EXERCISE: Scan the material for the string "Name" and copy out every line in which it occurs.

SUPPLIED ENTRIES:
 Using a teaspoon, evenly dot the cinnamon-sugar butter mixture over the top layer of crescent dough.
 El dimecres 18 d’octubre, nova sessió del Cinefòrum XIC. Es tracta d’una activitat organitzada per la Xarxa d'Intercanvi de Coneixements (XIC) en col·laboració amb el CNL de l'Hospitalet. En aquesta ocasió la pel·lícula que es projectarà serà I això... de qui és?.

...

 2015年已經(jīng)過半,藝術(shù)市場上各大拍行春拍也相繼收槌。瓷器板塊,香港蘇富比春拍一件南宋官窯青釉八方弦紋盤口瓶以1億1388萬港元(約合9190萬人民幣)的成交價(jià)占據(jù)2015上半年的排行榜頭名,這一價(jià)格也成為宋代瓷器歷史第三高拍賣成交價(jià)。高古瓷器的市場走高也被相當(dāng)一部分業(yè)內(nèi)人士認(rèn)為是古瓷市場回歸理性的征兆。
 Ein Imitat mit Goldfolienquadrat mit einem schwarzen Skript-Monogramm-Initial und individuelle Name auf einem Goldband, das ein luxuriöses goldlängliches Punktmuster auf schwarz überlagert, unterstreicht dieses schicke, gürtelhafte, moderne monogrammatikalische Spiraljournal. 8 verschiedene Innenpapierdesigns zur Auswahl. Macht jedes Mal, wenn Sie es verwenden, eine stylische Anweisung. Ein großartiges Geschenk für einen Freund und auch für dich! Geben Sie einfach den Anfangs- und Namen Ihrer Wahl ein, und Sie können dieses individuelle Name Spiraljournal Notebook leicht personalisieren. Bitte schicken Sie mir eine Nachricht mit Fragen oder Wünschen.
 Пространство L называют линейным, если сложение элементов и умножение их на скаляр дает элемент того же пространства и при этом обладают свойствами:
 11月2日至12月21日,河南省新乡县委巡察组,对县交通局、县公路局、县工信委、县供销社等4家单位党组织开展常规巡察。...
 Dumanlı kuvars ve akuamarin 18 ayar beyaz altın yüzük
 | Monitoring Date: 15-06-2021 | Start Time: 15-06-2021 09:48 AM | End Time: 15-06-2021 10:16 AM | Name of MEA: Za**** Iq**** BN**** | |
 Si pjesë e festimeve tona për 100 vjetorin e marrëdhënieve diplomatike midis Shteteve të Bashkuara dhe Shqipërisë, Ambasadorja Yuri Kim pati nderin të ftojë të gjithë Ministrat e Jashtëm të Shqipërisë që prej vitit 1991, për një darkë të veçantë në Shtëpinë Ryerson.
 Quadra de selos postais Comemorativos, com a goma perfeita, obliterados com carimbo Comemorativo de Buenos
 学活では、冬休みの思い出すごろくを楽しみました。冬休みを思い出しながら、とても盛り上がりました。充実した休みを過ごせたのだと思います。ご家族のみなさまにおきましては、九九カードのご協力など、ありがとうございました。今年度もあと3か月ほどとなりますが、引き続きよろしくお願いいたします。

...

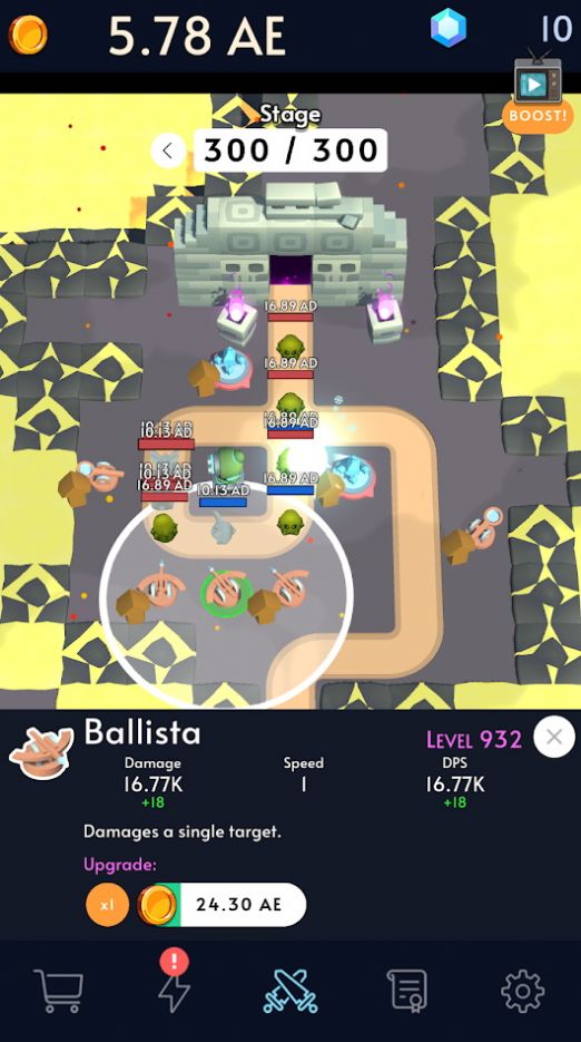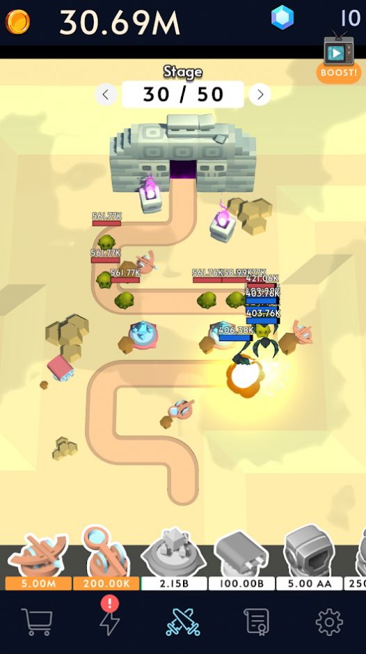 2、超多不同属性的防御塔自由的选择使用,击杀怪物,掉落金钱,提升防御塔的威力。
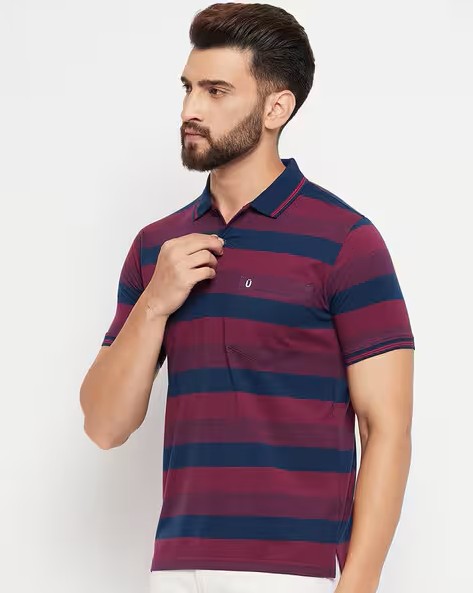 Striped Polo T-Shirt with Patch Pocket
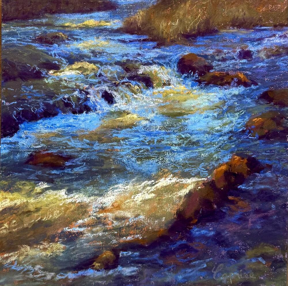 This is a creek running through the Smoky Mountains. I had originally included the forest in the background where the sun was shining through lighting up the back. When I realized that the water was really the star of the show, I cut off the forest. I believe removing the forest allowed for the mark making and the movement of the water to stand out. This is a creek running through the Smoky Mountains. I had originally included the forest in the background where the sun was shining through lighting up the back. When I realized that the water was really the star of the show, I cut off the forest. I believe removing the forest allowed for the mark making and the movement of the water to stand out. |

RESPONSE BOX:
 Ein Imitat mit Goldfolienquadrat mit einem schwarzen Skript-Monogramm-Initial und individuelle Name auf einem Goldband, das ein luxuriöses goldlängliches Punktmuster auf schwarz überlagert, unterstreicht dieses schicke, gürtelhafte, moderne monogrammatikalische Spiraljournal. 8 verschiedene Innenpapierdesigns zur Auswahl. Macht jedes Mal, wenn Sie es verwenden, eine stylische Anweisung. Ein großartiges Geschenk für einen Freund und auch für dich! Geben Sie einfach den Anfangs- und Namen Ihrer Wahl ein, und Sie können dieses individuelle Name Spiraljournal Notebook leicht personalisieren. Bitte schicken Sie mir eine Nachricht mit Fragen oder Wünschen.
 | Monitoring Date: 15-06-2021 | Start Time: 15-06-2021 09:48 AM | End Time: 15-06-2021 10:16 AM | Name of MEA: Za**** Iq**** BN**** | |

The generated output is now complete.